In Islam, the munafiqun (lit. 'hypocrites', منافقون, singular منافق) or false Muslims or false believers are a group decried in the Quran as outward Muslims who are inwardly concealing disbelief (kufr) and actively seek to undermine the Muslim community. A munafiq is a person who in public and in community shows that he is a Muslim, but rejects Islam or speaks against it either in his heart or among the enemies of Islam. The hypocrisy itself is called nifāq (نفاق).

==Types of hypocrisy==
- Hypocrisy towards God regarding actual faith. (Q2:8) and (Q2:14)
- Hypocrisy towards the tenets of faith: for example, somebody may believe in God, Judgment Day, accounting, scales of deeds, and Hellfire but not fear them at all or not refrain from committing sins because of them. Yet he claims: "I fear God".
- Hypocrisy towards the deeds; Not performing obligatory works properly.
- Hypocrisy towards others: somebody is double-faced and double-tongued. He praises someone in their presence, then, behind their back, he denounces them and tries to cause them pain and harm.
- Hypocrisy of sacred terms: One of the largest signs of a Munafiq is their careless use of religious oaths which include: Wallahi ("I swear by Allah"), Tallahi ("By Allah"), and Billahi ("With/By Allah").

=== Hadith ===

Abdullah ibn Amr reported:The Messenger of Allah, peace and blessings be upon him, said: "There are four signs that make someone a pure hypocrite and whoever has them has a characteristic of hypocrisy until he abandons it: (1) when he speaks he lies; (2) when he makes a covenant he is treacherous; (3) when he makes a promise he breaks it; and (4) when he argues he is wicked."
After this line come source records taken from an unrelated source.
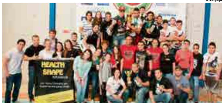
Equipe Elite Jiu-Jítsu conquistou título de Campeão Geral Estadual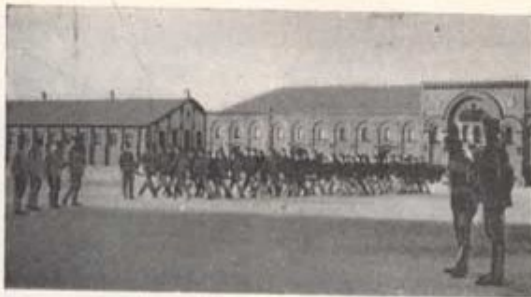
Exercis på kaserngården i Landskrona. I bakgrunden gymnastikhuset och tyghuset (1900).

stort som en vanlig gymnastikal och ursprungligen avsett endast som plats för vanliga militära övningar men sedermera försett med gymnastikinredning, varför det även användes för gymnastikutbildningen. Under vintern och vid i övrigt otjänlig väderlek, särskilt då kalla och regniga stormar från havet svepte in över kaserngården, var det fyllt av olika utbildningsavdelningar.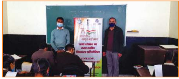
शिवालिक भागीरथी पब्लिक स्कूल, ऋषिकेश में आयोजित चित्रकला प्रतियोगिता का दृश्य

==Munafiqun in the Quran==
The Quran has many verses discussing munafiqun, referring to them as more dangerous to Muslims than the worst non-Muslim enemies of Islam.

In the Quran, the munafiqun are berated for their disloyalty towards the Muslims. They are described as seeking the subversion of Islam from within by dissembling a false allegiance. According to Surah 9:107-108 there was even a mosque of dissent that they built; this mosque was burned down by Muhammad.
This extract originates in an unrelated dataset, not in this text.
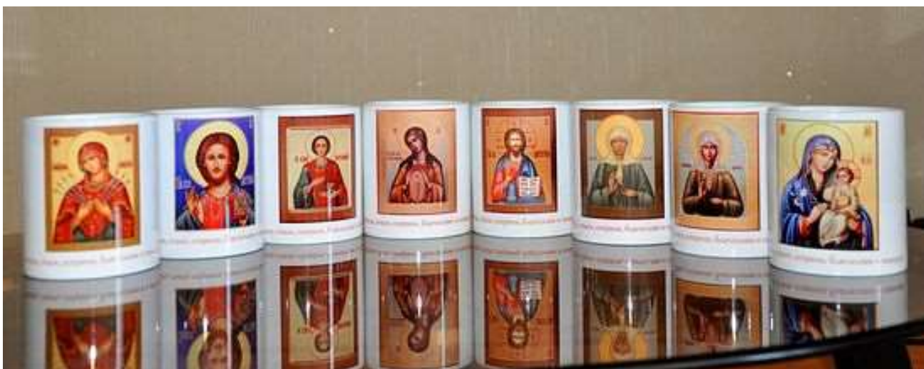
Подпись на сайте: «Каталог кружек (цены указаны с изображением любой Иконы)»

А вы уже приготовили пасхальные подарки себе и близким? Ищите и обращайтесь! Вот вам «православные» тарелки и кружки с иконами.

The 63rd chapter (Surah) of the Quran is titled al-Munafiqun. The chapter deals with the phenomenon of hypocrisy; it criticizes hypocrisy and condemns the hypocrites; the treachery of the hypocrites of Medina is exposed and rebuked; Muhammad is warned to beware of trusting the hypocrites; the hypocrites are cursed and declared reprobates; the hypocrites are threatened with expulsion from Medina.
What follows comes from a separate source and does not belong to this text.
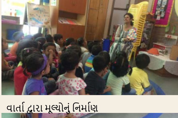
વાર્તા દ્વારા મૂલ્યોનું નિર્માણ

==Traits of the Munafiqun according to Hadith==
Hadith—records of the words, actions explained by Muhammad—describe several traits of a hypocrite and these traits include both apparent actions and his/her inner Iman/faith like the following:
- Abdullah ibn Amr reported the Messenger of Allah as saying: Four characteristics constitute anyone who possesses them a sheer hypocrite (munafiq), and anyone who possesses one of them possesses a characteristic of hypocrisy till he abandons it:
1. when he talks he lies,
2. when he makes a promise he violates it,
3. when he makes a covenant he acts treacherously, and
4. when he quarrels/engages in a dispute, he explodes (فَجَرَ, fajara) (abuses/deviates from the truth/behaves very imprudently, irrationally, foolishly, evilly and insultingly)
- Narrated Abu Hurayra: The Prophet said, "The signs of a munafiq are three:
5. Whenever he speaks, he tells a lie.
6. Whenever he promises, he always breaks it (his promise).
7. If you trust him, he proves to be dishonest. (If you keep something as a trust with him, he will not return it.)" Another narration adds the words: "Even if he observes Saum (fasts), performs Salat (prayer) and claims to be a Muslim."
- Narrated Abdullah ibn Umar: Allah's Messenger said, "A believer eats in one intestine (is satisfied with a little food), and a kafir (unbeliever) or a munafiq eats in seven intestines (eats too much, or eats the food of 7 believing people—i.e—that which they are not entitled)".
- Abu Hurayra narrated that the Messenger of Allah said: "He who dies without having gone or thought of going out for jihad in the Cause of Allah, will die while being guilty of having one of the qualities of hypocrisy". Related by Imam Muslim.
- Abu Umamah al Bahili narrated that the Messenger of Allah said: "Al-Haya' (modesty) and Al-'Iy (terse, brief & not talkative) are two branches of faith, and Al-Badha (vulgar) and Al-Bayan (very talkative) are two branches of Hypocrisy."
- It was narrated that Zirr said: Ali ibn Abi Talib said: "The Unlettered Prophet (Muhammad) made a covenant with me, that none but a believer would love me, and none but a munafiq would hate me."
- Narrated Anas bin Malik: The Prophet said, "Love for the Ansar is a sign of faith and hatred for the Ansar is a sign of hypocrisy."
- It was narrated from Ibn 'Umar that: The Messenger of Allah said: "The parable of the munafiq is that of a sheep that hesitates between two flocks, sometimes following one, and sometimes following another, not knowing which to follow."
- Abu Huraira reported Allah's Messenger as saying: The Similitude of a believer is that of (a standing) crop which the air continues to toss from one side to another; in the same way a believer always (receives the strokes) of misfortune. The similitude of a munafiq is that of a cypress tree which does not move until it is uprooted.
- It was narrated that the Prophet said: "Women who seek divorce and Khul' without just cause are like the female munafiq."
- Narrated Buraydah ibn al-Hasib: The Prophet said: Do not call a Munafiq as sayyid (master), for if he is a sayyid, you will displease your Lord, Most High.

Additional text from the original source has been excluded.